Omit all pictures, then repeat the listing exactly.

DATA TO USE section start

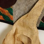 The names of the lynched, recorded by state, and localized within each state, brings the horrific history home. This is a memorial piece, a Vietnam Wall in cloth. With the spiraling tree in translucent overlay, fading body, and stark black and white palette, every element of this piece is stark and compelling.
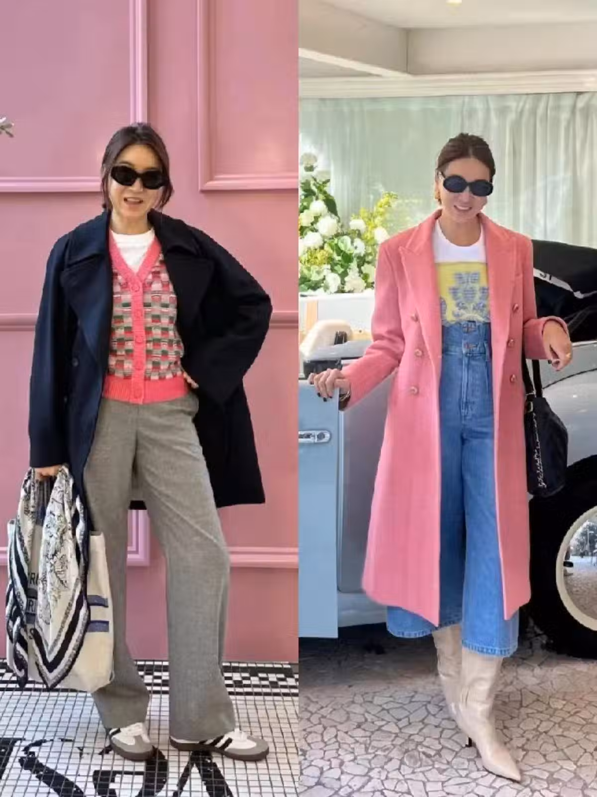 看看這位韓國博主,年紀大了也穿淺粉色,選擇淺粉色針織奶奶衫配深色大衣,穿淺粉色呢大衣配藍色牛仔褲,時髦減齡。
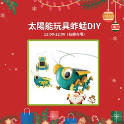 「捷伴聖誕園遊會DIY區」有「太陽能玩具蚱蜢」、「綠色多肉植物」、「耶誕小麋鹿」、「綠色植物相框」4場免費手作DIY,材料以環保、永續、綠色生活為概念,如「綠色植物相框」使用文心森林公園自然掉落的樹葉,「耶誕小麋鹿」以軟木塞做為麋鹿身體,讓參與的大小朋友在體驗過程中除了感到好玩,也能激發對於環保材料的創作靈感;4場手作DIY將於今日下午3時開放線上報名,名額有限,敬請把握。
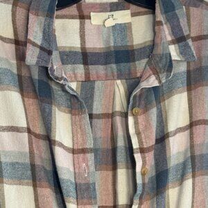 Cozy and casual, this Thread + Supply Cassian shirt features a soft plaid pattern in muted pinks, greys, blues, and tans—perfect for year-round layering. Made from a comfortable 60% cotton / 40% polyester blend, it offers an easy, relaxed feel.
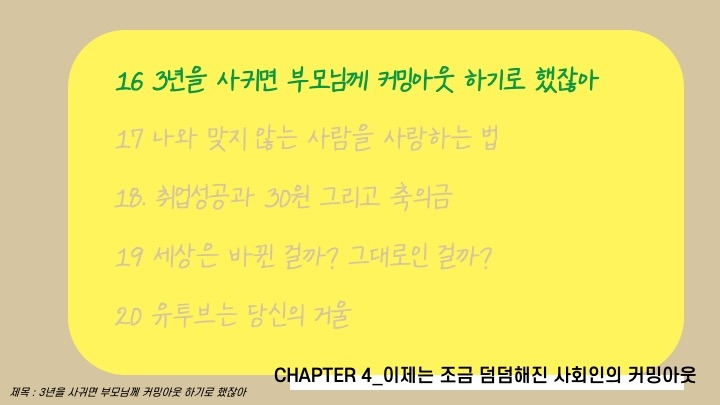 - 응, 그래. 커밍아웃. 그때쯤 하지 뭐.
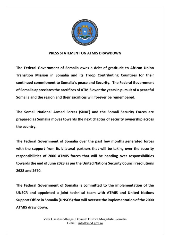 Jimco, Juun, 9, 2023 (HOL) - Wasaaradda gaashaandhigga Soomaaliya ayaa war rasmi ah  kasoo saartay dhimista tirada ciidamada ATMIS ee ku sugan dalka, iyadoo xaqiijisay in dowladdu ay ka go’an tahay inay mas'uuliyadda amniga kala wareegto ATMIS.
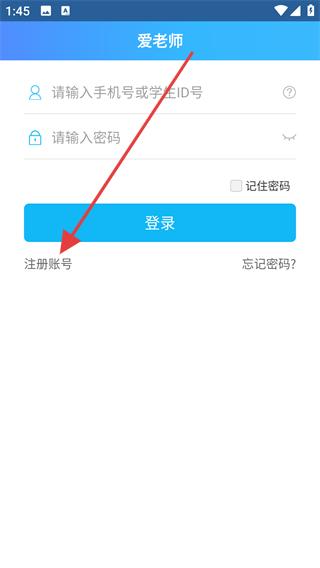 1、打開愛老師學(xué)生端app,點(diǎn)擊下方的注冊賬號(hào)選項(xiàng)。
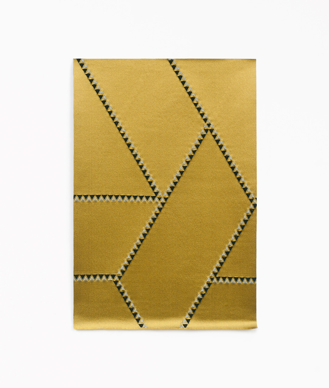 Luxurious curtain fabric with a 3D geometric pattern inspired by mother-of-pearl and ebony. Satin base with a mix of metallic and matte yarns for a rich, layered effect. Manufactured in India.
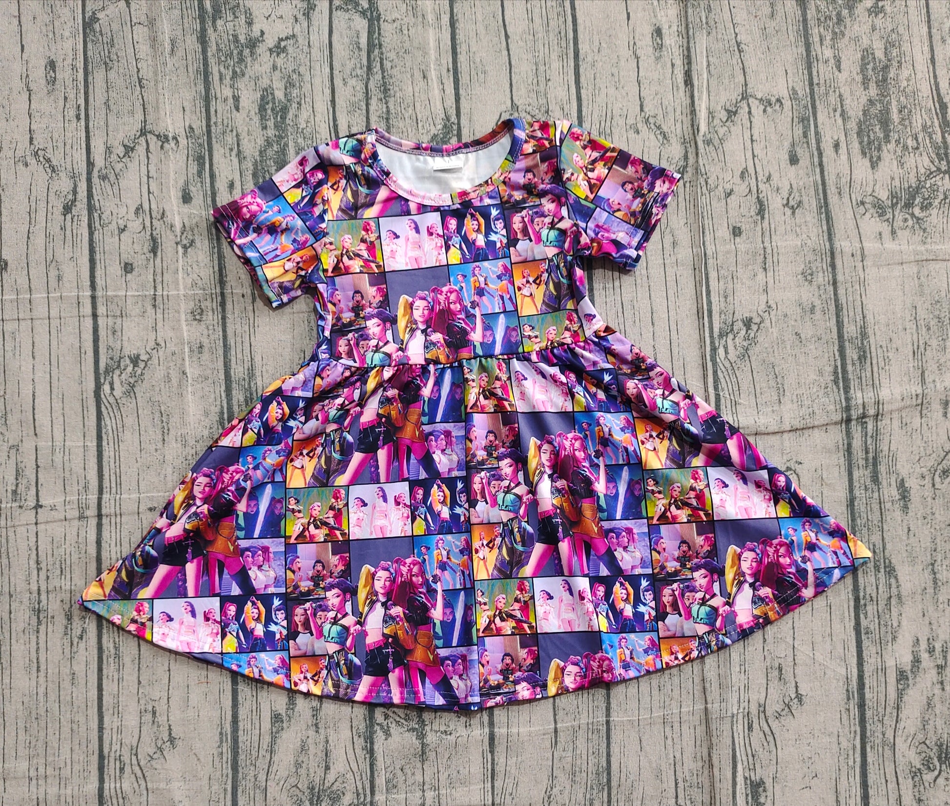 Baby Girls Short Sleeve Demon Hunter Checked Knee Length Dresses
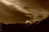 Annapurna I Himalaya Mountains in Nepal at night with clouds mov

DATA TO USE section end

- **ANSWER FOR THE TASK**:
 The names of the lynched, recorded by state, and localized within each state, brings the horrific history home. This is a memorial piece, a Vietnam Wall in cloth. With the spiraling tree in translucent overlay, fading body, and stark black and white palette, every element of this piece is stark and compelling.
 看看這位韓國博主,年紀大了也穿淺粉色,選擇淺粉色針織奶奶衫配深色大衣,穿淺粉色呢大衣配藍色牛仔褲,時髦減齡。
 「捷伴聖誕園遊會DIY區」有「太陽能玩具蚱蜢」、「綠色多肉植物」、「耶誕小麋鹿」、「綠色植物相框」4場免費手作DIY,材料以環保、永續、綠色生活為概念,如「綠色植物相框」使用文心森林公園自然掉落的樹葉,「耶誕小麋鹿」以軟木塞做為麋鹿身體,讓參與的大小朋友在體驗過程中除了感到好玩,也能激發對於環保材料的創作靈感;4場手作DIY將於今日下午3時開放線上報名,名額有限,敬請把握。
 Cozy and casual, this Thread + Supply Cassian shirt features a soft plaid pattern in muted pinks, greys, blues, and tans—perfect for year-round layering. Made from a comfortable 60% cotton / 40% polyester blend, it offers an easy, relaxed feel.
 - 응, 그래. 커밍아웃. 그때쯤 하지 뭐.
 Jimco, Juun, 9, 2023 (HOL) - Wasaaradda gaashaandhigga Soomaaliya ayaa war rasmi ah  kasoo saartay dhimista tirada ciidamada ATMIS ee ku sugan dalka, iyadoo xaqiijisay in dowladdu ay ka go’an tahay inay mas'uuliyadda amniga kala wareegto ATMIS.
 1、打開愛老師學(xué)生端app,點(diǎn)擊下方的注冊賬號(hào)選項(xiàng)。
 Luxurious curtain fabric with a 3D geometric pattern inspired by mother-of-pearl and ebony. Satin base with a mix of metallic and matte yarns for a rich, layered effect. Manufactured in India.
 Baby Girls Short Sleeve Demon Hunter Checked Knee Length Dresses
 Annapurna I Himalaya Mountains in Nepal at night with clouds mov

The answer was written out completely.